Sunday, February 1, 2015

The case for macro-prudential measures to limit financial vulnerability

Kristin Forbes, Marcel Fratzscher, and Roland Straub have a new paper where they analyze capital flows management (CFM) measures in 60 countries during the 2009-11 period. They define two types of CFMs - capital controls (or restrictions on cross-border financial activity that discriminate based on residency) and macro-prudential measures (which do not discriminate based on residency but relate to cross-border or foreign currency exposure and lending).
Examining the impact of CFMs on their various targets - limiting exchange rate appreciation, reduce portfolio inflows, reduce inflation, and reduce financial fragility - they find mixed evidence,
The results indicate that certain CFMs can accomplish specific goals—especially in terms of reducing financial vulnerabilities—but most CFMs are ineffective at accomplishing other stated goals. More specifically, macroprudential measures related to international exposures can significantly improve measures linked to financial fragility, such as bank leverage, inflation expectations, bank credit growth, and exposure to portfolio liabilities. Increased controls on capital inflows can reduce private credit growth (although this effect, as well as that for portfolio liabilities, appears to fade and reverse after six months). 

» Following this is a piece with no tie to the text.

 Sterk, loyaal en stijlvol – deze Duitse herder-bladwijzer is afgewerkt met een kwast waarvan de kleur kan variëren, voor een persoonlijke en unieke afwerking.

CFMs, however, do not appear to have a significant effect on most other macroeconomic variables and financial market volatilities over the short and medium-term, including on equity indices, inflation, interest-rate differentials, or the volatility of exchange rates, portfolio flows, or interest-rate differentials. CFMs have limited effectiveness achieving two of their primary goals: reducing exchange rate appreciation and net capital inflows. One type of CFM—removing controls on capital outflows—can yield a significant but small depreciation of the real exchange rate (with a maximum depreciation of less than 2.5% over four months relative to the counterfactual). “Major” changes in capital controls which received more attention from investors are more likely to affect portfolio inflows, although major changes in inflow controls can also cause a significant increase in capital flow volatility and translate into no consistent, significant, or economically meaningful impact on the real exchange rate.
More evidence on why authorities in emerging economies should deploy macro-prudential instruments to limit exposure to external borrowings, especially short-term debts to specific sectors like real estate which inflate asset bubbles, and thereby minimize financial vulnerability.

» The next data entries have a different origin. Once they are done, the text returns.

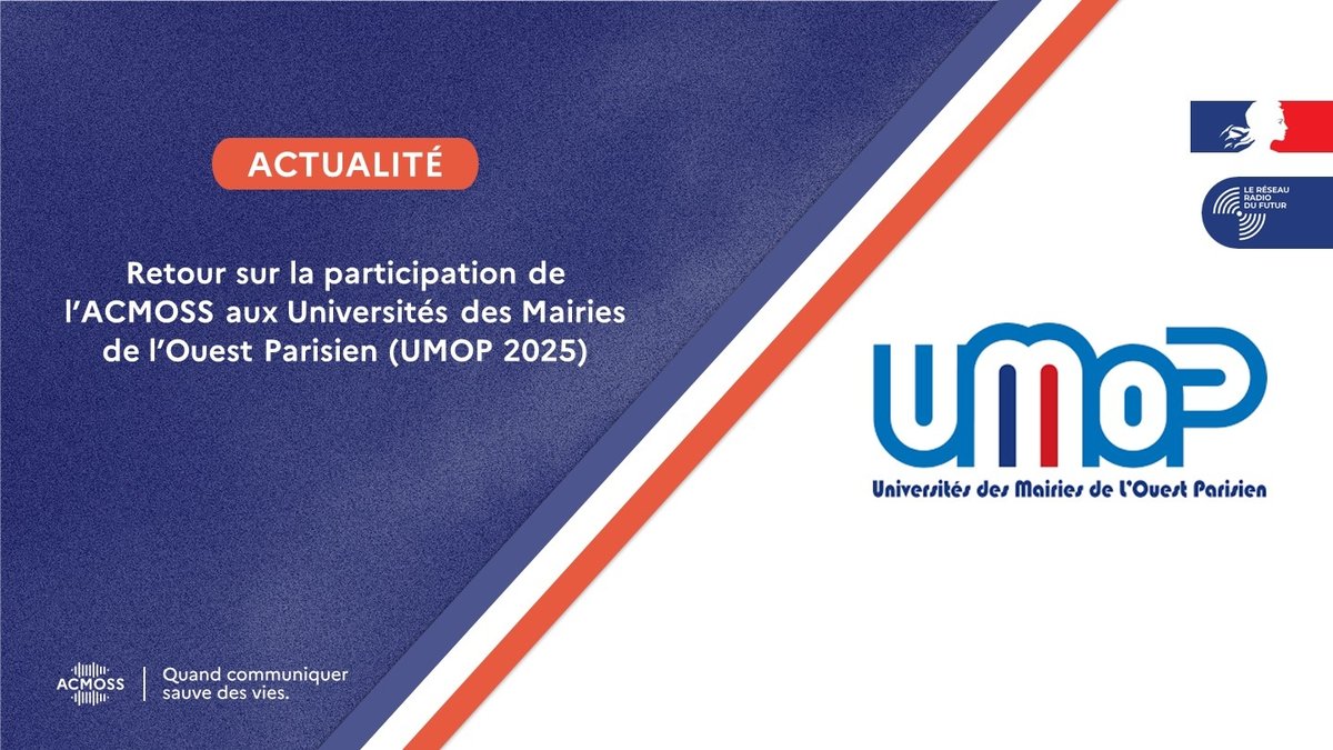À l'occasion des l'Université des Mairies de l'Ouest Parisien (UMOP 2025), qui se sont tenues le 8 octobre à Port‑Marly, l'Agence des communications mobiles opérationnelles de sécurité et de secours (ACMOSS) y a mis en lumière le Réseau Radio du Futur (RRF) - une avancée stratégique pour renforcer la sécurité publique, la coordination territoriale et notamment la modernisation des polices municipales.
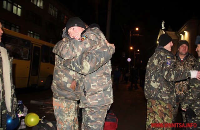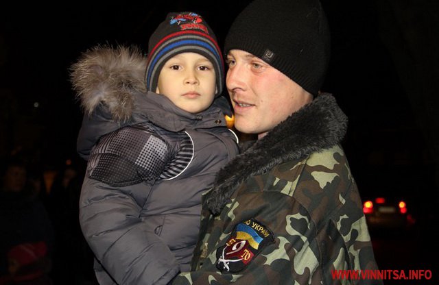 Ввечері 15 грудня у центрі Вінниці на площі Герої Небесної Сотні рідні, друзі та колеги зустрічали бійців 9 мотопіхотного батальйону, який входить до складу 30 окремої механізованої бригади 8 армійського корпусу Сухопутних військ.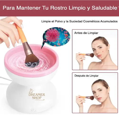 NUESTRO LIMPIADOR DE PINCELES ELÉCTRICO, mantiene los pinceles libres de bacterias y residuos, cuidando tu piel

The latest example of the problems arising from free capital inflows is Poland, which had allowed its citizens to take mortgages in foreign currencies. Attracted by the low Swiss interest rates and the apparent resolve of the Swiss central bank (SNB) authorities to prevent the currency's appreciation, many Poles took mortgages in franc, mainly from foreign owned banks, to finance their homes. The Polish Financial Authority estimated that in 2013 franc loans formed a third of all Polish mortgages. These people have been devastated by the SNB's decision last month to abandon the currency floor with euro which resulted in the one-day 23% appreciation of the Swiss franc against the euro.